Null Value Processing
What are null values?
The following types may all be understood as null values:
-
null: Used to indicate that a data item does not contain valid data, missing data, or data is unknown. Can exist in all types of data. In different database tables, it may display as blank or display as null.
-
Empty string: Empty text string, only exists in text type, because it's invisible, it may be confused with null.
-
Text null: Actually the text 'null', including uppercase, lowercase, and mixed case formats. In some scenarios, users may replace null values in text fields with the text string 'null' when storing data for the purpose of distinguishing from data with values.
Impact of null values
-
In any expression or function formula, if any part has a null value, the final result usually returns a null value. For example,
CONCAT([fieldA], [fieldB])
, if there is a null value in a row of data, that row's result returns null; when conditional judgment appears null=null, it returns null instead of true. -
Using
COUNT([field]) /COUNT(DISTINCT[field])
for counting statistics will filter out null values, but will not filter out empty strings;COUNT(DISTINCT[field])
calculation result is 1 less than the actual result. -
When converting columns to rows in ETL, if the field to be converted is a null value, the entire data row will be filtered out, causing data loss.
-
When the field type and value content don't match, the data displays as null, which may mislead users to think there's no data.
-
When setting deduplication primary keys in datasets, during incremental updates, there are still duplicate data in the data because null values in primary keys cannot be deduplicated.
Null value judgment and processing methods
Dataset
Overview page -- Filter data -- Select field, type "Select". Null values display as (null), empty strings display as blank, and other text type nulls display as text. If you want to set deduplication primary keys, you need to ensure that <strong>fields used as deduplication primary keys cannot contain null values</strong>. Null values in fields cannot be directly replaced and processed in datasets. It's recommended to operate in ETL, or create new calculated fields to process using functions.

ETL
- Data exploration (version 4.9 and later): Add a "Data Exploration" node after the required node, select fields, and view the null value and enumeration value overview of that field.

- Null value replacement: Replace null values with other values; Value replacement: Can replace empty strings (or null) with other values. The replacement target value must be consistent with the field's own type.

3. For cases that need to judge and replace null values according to certain logic, you can add calculated fields and use Spark SQL functions for processing. Common null value processing functions are as follows:
Purpose | Function | Example | Result |
Judge whether it's a null value | isnull([expr]); [expr] is null | true/false | |
Judge whether it's not a null value | isnotnull([expr]); [expr] is not null | true/false | |
Replace null values in expr1 with expr2 | ifnull([expr1], [expr2]) | ifnull(null,0) | 0 |
nvl([expr1], [expr2]) | nvl(null,0) | 0 | |
If expr1 is not null, return expr2, otherwise return expr3 | nvl2([expr1], [expr2], [expr3]) | nvl2(NULL, 2, 1) | 1 |
Return the first non-null value | coalesce([expr1], [expr2], ...) | coalesce(NULL, 1, NULL) | 1 |
If 2 exprs are the same, return null, otherwise return expr1 | nullif([expr1], [expr2]) | nullif(2, 2) | null |
Judge whether it's an empty string | [expr]='' [expr] <>'' | true/false | |
Judge whether two values are equal, both null should return true, one null returns false | [expr1] <=> [expr2] | true <=> NULL | false |
Card
If you don't want places where calculation results are null to display as empty, you can set null values to display as other numbers or text in the "Special Values" section of the card's right style panel.

Note: Special value settings only modify the display effect and cannot truly replace null values with other data for calculation.

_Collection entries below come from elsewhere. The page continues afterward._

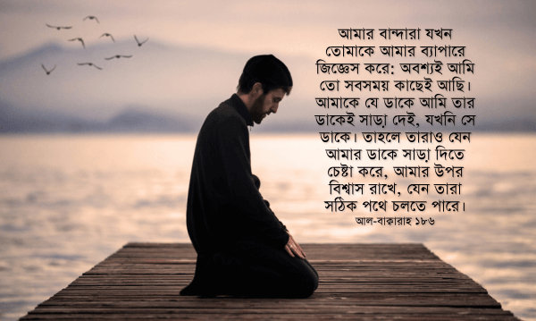 আমার বান্দারা যখন তোমাকে আমার ব্যাপারে জিজ্ঞেস করে: অবশ্যই আমি তো সবসময় কাছেই আছি। আমাকে যে ডাকে, আমি তার ডাকেই সাড়া দেই, যখনি সে ডাকে। তাহলে তারাও যেন আমার ডাকে সাড়া দিতে চেষ্টা করে, আমার উপর বিশ্বাস রাখে, যেন তারা সঠিক পথে চলতে পারে। [আল-বাক্বারাহ ১৮৬]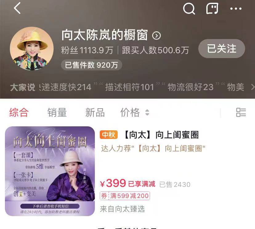 向太都是老板娘了,她的课也卖得不是很好,但比王晶的好一些,卖出2430次。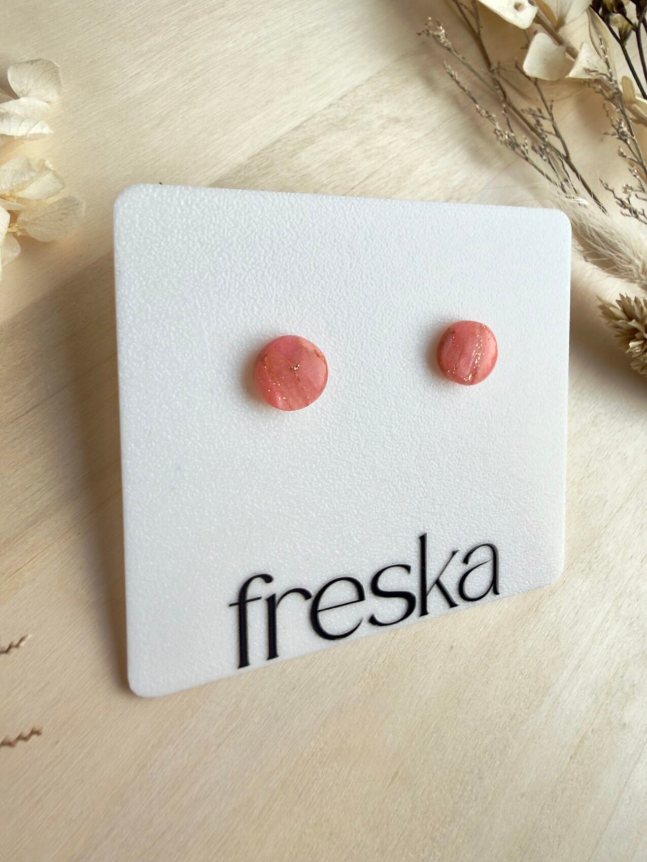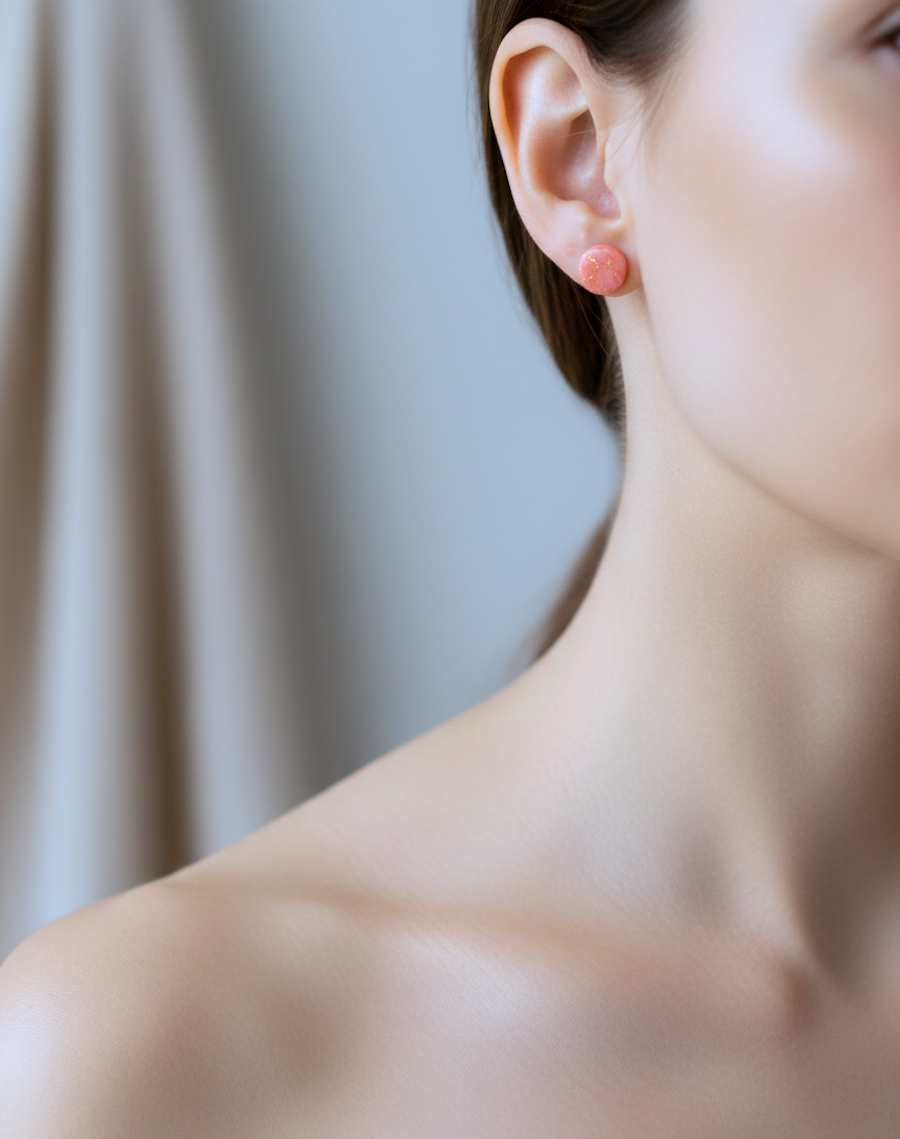 Dodaj do swojej biżuterii delikatny, romantyczny akcent z minimalistycznymi kolczykami‑kropkami w odcieniu brzoskwini. Subtelne marmurkowe przejścia i złote drobinki sprawiają, że te małe sztyfty pięknie rozświetlają okolice twarzy i pasują do stylizacji na co dzień oraz na randkę.

For example, when sorting numeric fields with null values, null values can only be sorted first or last, and won't be sorted between positive and negative numbers just because you set null to display as 0.
If null values need to participate in calculations, it's recommended to process them in ETL, or create new calculated fields in cards. For non-direct connection datasets, use the Spark functions in the above list for processing, then use the new fields for calculations. For direct connection datasets, you need to use the corresponding database functions.
Case Study
The field displays as null, but why doesn't judging and replacing null values work?
"Empty date replacement" formula: ifnull([date2],date('2099-01-01'))

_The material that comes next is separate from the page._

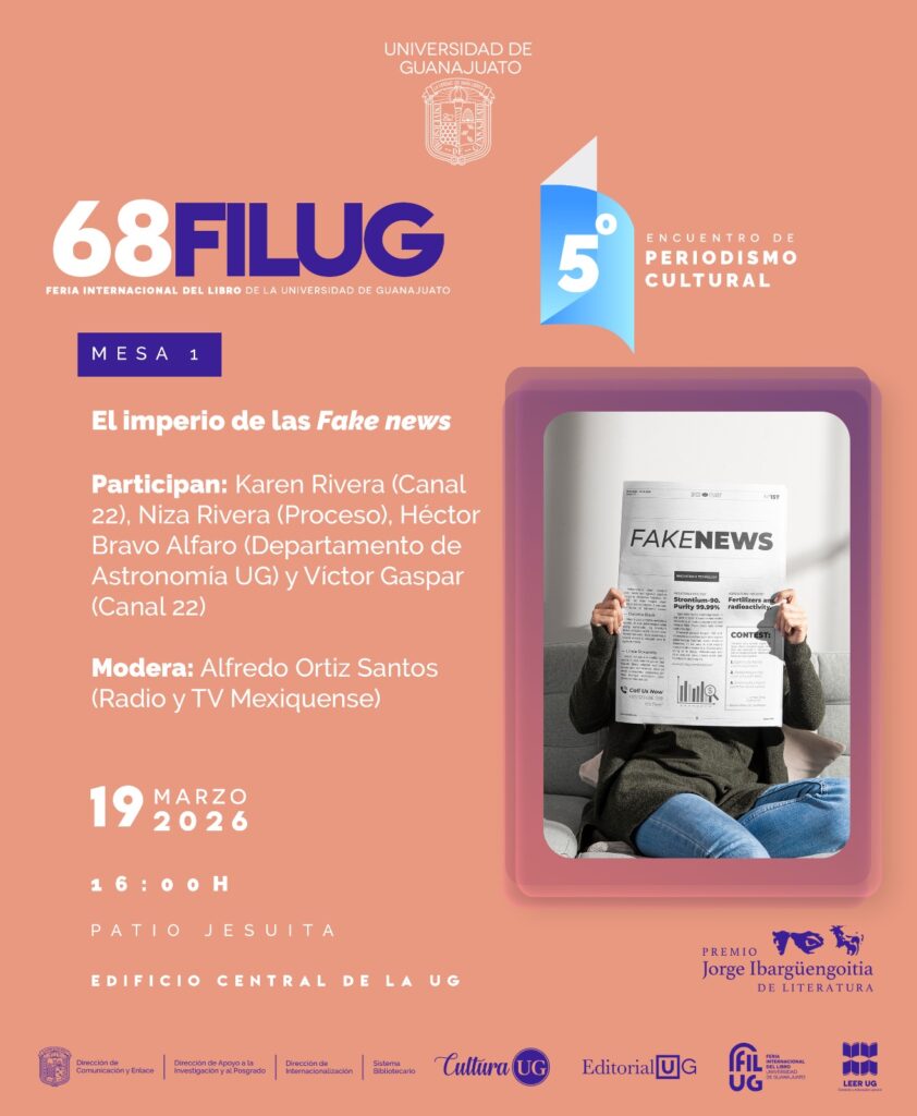 Posteriormente, a las 16:00 horas en el Patio Jesuita, se desarrollará la primera mesa de análisis, “El imperio de las fake news”, con la participación de Niza Rivera (Proceso), Karen Rivera (Canal 22), Víctor Gaspar (Canal 22), además de la intervención de Héctor Bravo Alfaro, académico del Departamento de Astronomía de la UG; la moderación estará a cargo de Alfredo Ortiz Santos (Radio y TV Mexiquense).

Cause analysis: The formula usage itself is not problematic. Checking the field "date2", it's found to be a newly created calculated field that doesn't use functions, directly referencing another field "date1", then setting the format to "Date", as shown in the figure below. And "date1" is a date composed of numbers, with type String.

The user's intention was to convert text type dates to standard date format, then replace null values. But different type fields must use SQL functions for conversion to take effect. Simply modifying the field type in the new field won't truly take effect. When the real type conflicts with the display type, the system defaults to displaying null values, but there are actually values. At this time, using the function `isnull([date2])` to verify the result is also non-null (false).

Solution: Modify the "date2" formula to to_date([date1],'yyyyMMdd')
. Verification result as shown in the figure below.